## [Data under study]
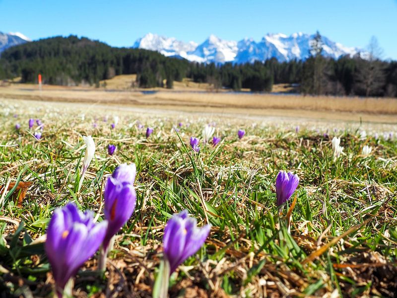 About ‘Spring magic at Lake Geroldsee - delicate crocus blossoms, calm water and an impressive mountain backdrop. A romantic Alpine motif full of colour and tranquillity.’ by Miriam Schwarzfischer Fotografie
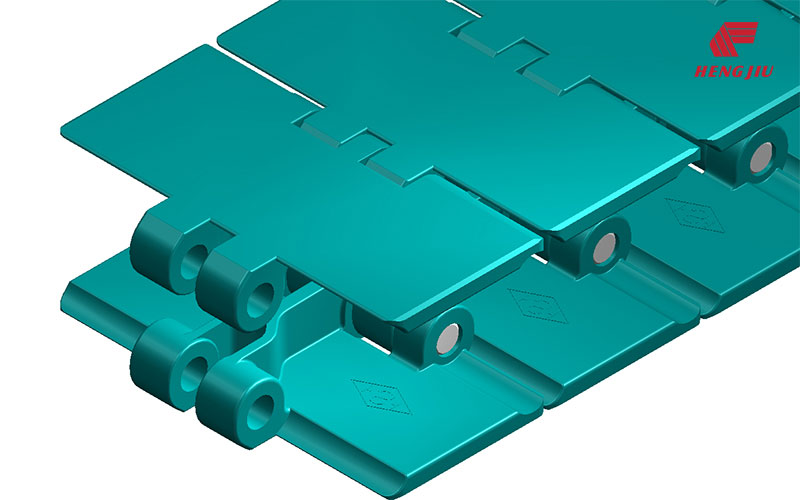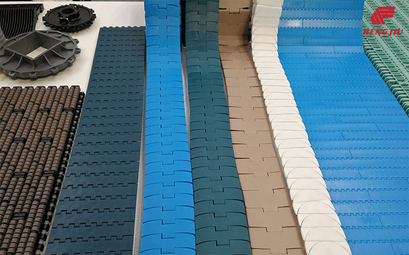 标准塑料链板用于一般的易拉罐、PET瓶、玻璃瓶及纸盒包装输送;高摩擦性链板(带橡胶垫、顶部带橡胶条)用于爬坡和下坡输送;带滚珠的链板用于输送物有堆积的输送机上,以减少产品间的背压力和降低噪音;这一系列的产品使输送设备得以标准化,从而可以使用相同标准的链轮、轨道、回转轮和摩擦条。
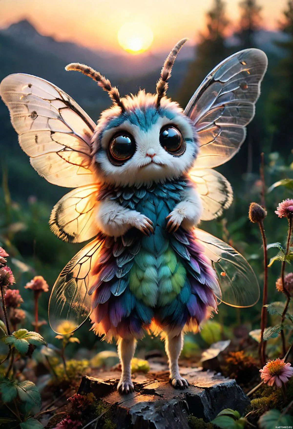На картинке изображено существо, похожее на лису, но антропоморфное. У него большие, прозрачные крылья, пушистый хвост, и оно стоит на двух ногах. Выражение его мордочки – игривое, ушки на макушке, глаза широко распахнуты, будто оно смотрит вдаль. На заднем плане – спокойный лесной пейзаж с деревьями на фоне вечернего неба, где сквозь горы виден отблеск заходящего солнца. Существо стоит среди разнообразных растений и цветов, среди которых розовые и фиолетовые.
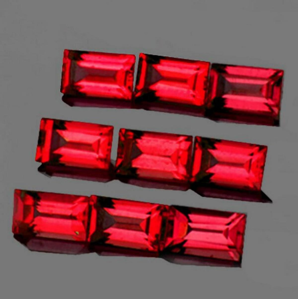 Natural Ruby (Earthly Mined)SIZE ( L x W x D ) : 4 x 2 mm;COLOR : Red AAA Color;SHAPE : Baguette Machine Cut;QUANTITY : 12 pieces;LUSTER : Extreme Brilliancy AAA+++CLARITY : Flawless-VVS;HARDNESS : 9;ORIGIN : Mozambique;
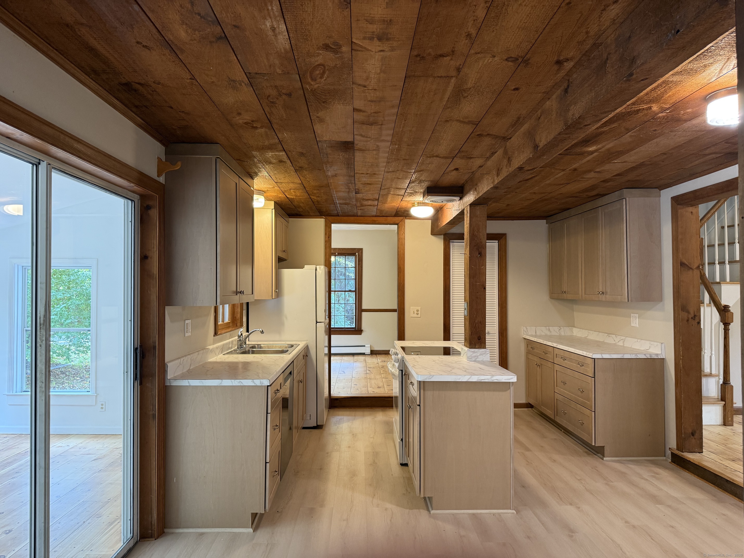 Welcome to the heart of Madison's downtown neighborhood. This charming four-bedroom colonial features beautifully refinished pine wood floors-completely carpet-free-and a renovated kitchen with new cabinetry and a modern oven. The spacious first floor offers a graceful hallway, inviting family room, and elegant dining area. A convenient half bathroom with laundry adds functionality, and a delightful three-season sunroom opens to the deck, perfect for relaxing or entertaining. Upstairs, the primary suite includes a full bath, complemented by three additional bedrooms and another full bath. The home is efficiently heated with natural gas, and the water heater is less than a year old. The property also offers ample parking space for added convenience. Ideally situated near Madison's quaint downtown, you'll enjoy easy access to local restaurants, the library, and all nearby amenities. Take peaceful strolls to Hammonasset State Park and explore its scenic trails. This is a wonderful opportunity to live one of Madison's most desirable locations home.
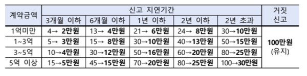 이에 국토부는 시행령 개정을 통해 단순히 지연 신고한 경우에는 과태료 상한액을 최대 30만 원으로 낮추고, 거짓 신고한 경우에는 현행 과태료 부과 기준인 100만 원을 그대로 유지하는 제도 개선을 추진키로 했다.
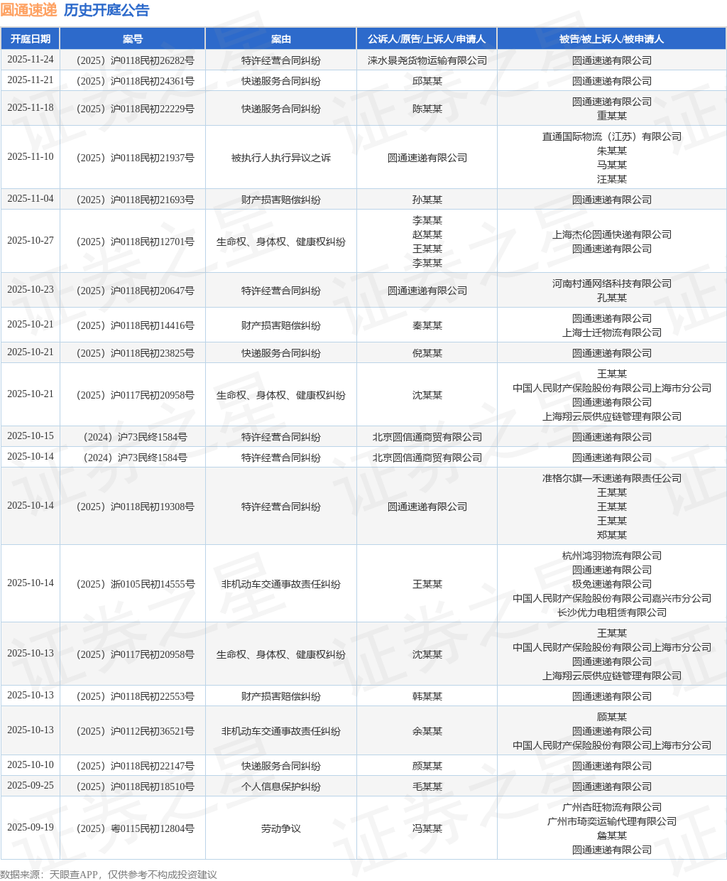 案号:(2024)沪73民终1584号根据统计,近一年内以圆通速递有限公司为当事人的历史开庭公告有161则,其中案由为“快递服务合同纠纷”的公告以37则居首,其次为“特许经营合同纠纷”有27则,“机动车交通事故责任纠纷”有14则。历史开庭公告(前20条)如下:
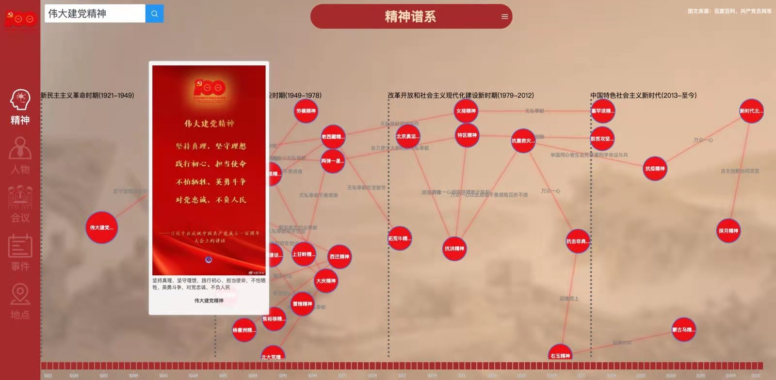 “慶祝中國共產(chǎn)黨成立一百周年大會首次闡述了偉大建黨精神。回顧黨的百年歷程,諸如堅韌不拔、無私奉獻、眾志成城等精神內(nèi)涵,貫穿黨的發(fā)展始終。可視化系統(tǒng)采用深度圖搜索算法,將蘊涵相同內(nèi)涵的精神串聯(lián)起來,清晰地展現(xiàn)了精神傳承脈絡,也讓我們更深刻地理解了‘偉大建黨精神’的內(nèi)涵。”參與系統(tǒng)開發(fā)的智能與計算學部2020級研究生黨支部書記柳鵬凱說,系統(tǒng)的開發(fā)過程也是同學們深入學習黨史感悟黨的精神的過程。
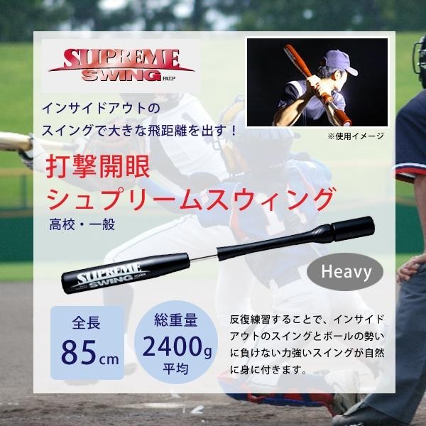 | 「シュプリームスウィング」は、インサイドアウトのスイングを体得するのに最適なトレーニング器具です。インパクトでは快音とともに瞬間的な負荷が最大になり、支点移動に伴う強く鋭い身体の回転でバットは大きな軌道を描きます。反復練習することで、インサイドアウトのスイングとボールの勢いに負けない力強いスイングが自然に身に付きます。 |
---
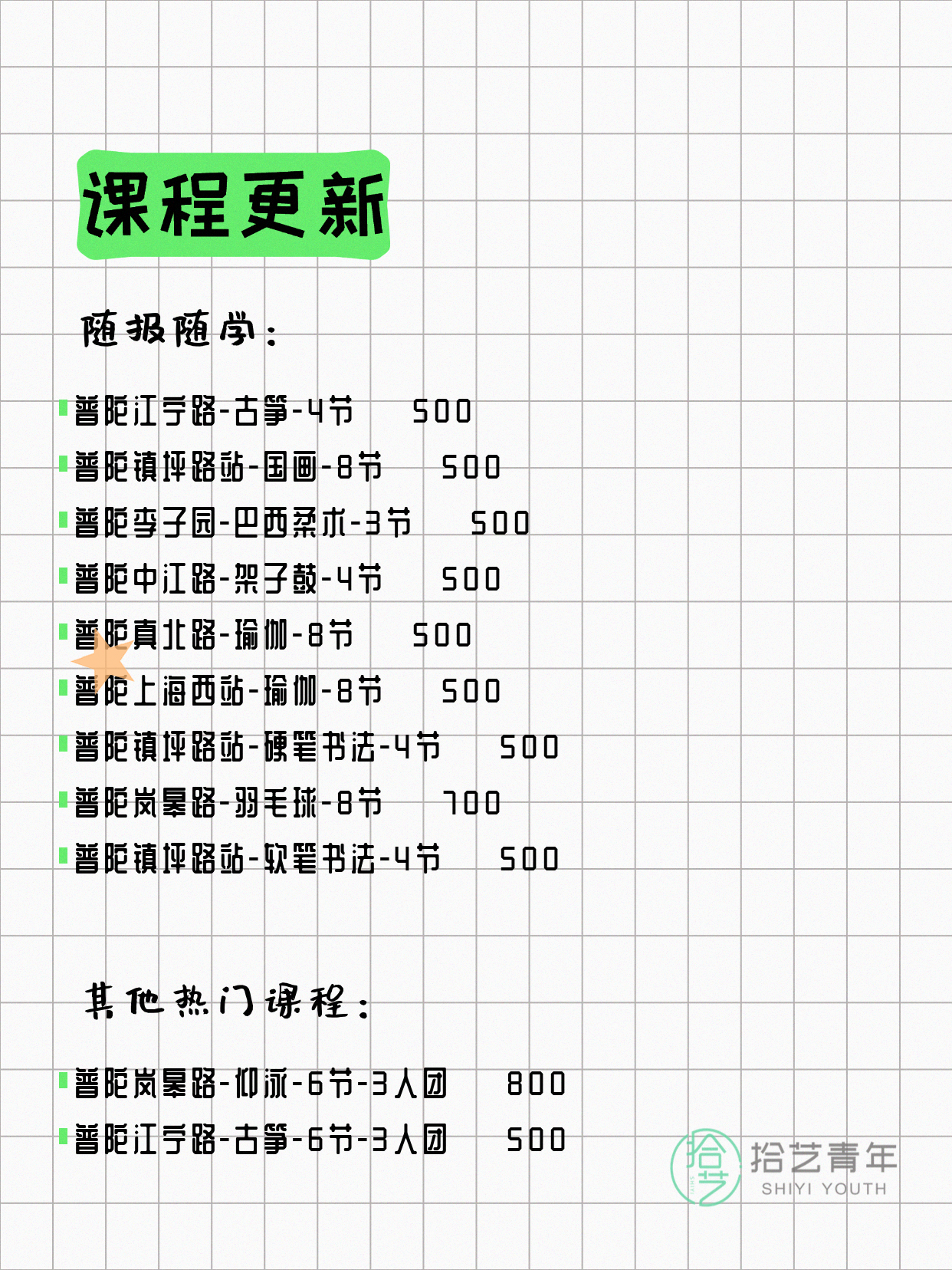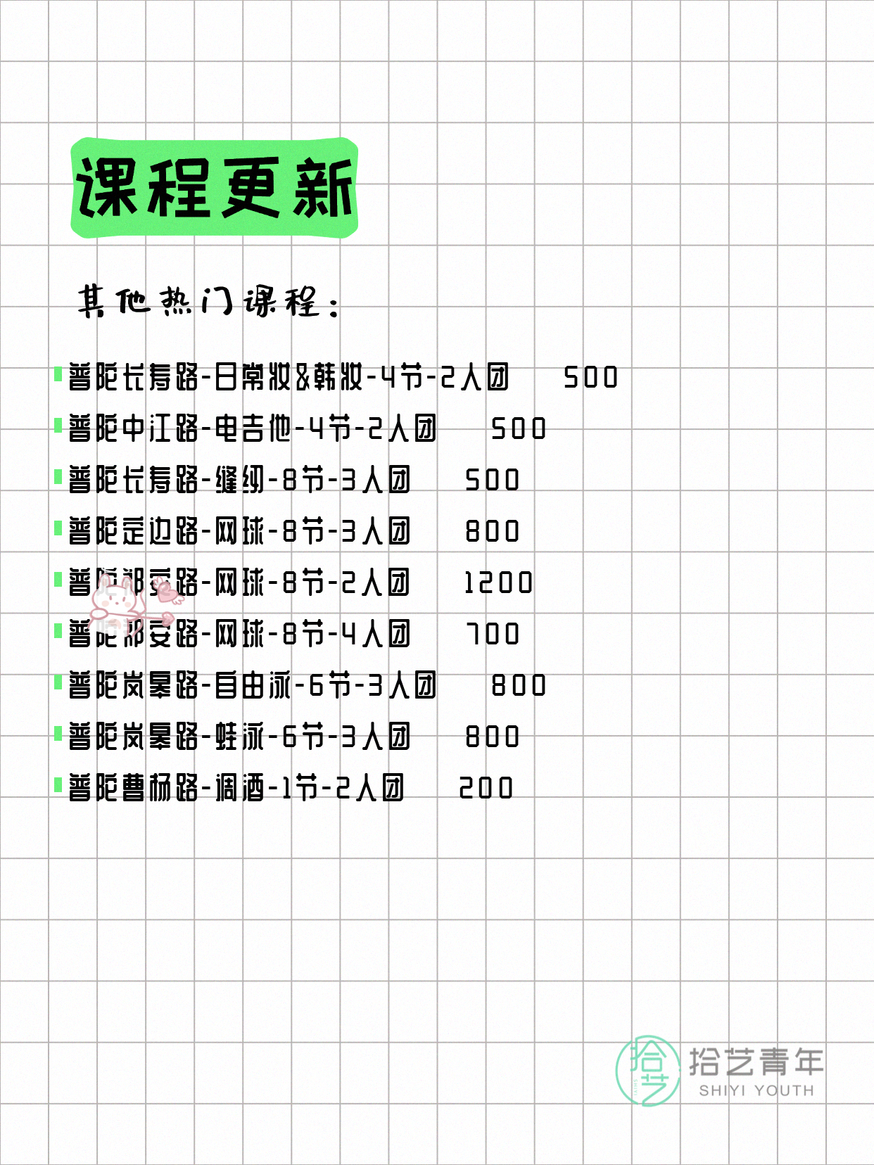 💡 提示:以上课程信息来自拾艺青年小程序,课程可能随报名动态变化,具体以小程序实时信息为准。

## [What is needed]
Look above for the line with "На картинке изображено" and the line with "Natural Ruby (Earthly", then copy them and all lines in between exactly as written, and only those, without any pictures.

## [Answer area]
На картинке изображено существо, похожее на лису, но антропоморфное. У него большие, прозрачные крылья, пушистый хвост, и оно стоит на двух ногах. Выражение его мордочки – игривое, ушки на макушке, глаза широко распахнуты, будто оно смотрит вдаль. На заднем плане – спокойный лесной пейзаж с деревьями на фоне вечернего неба, где сквозь горы виден отблеск заходящего солнца. Существо стоит среди разнообразных растений и цветов, среди которых розовые и фиолетовые.
 Natural Ruby (Earthly Mined)SIZE ( L x W x D ) : 4 x 2 mm;COLOR : Red AAA Color;SHAPE : Baguette Machine Cut;QUANTITY : 12 pieces;LUSTER : Extreme Brilliancy AAA+++CLARITY : Flawless-VVS;HARDNESS : 9;ORIGIN : Mozambique;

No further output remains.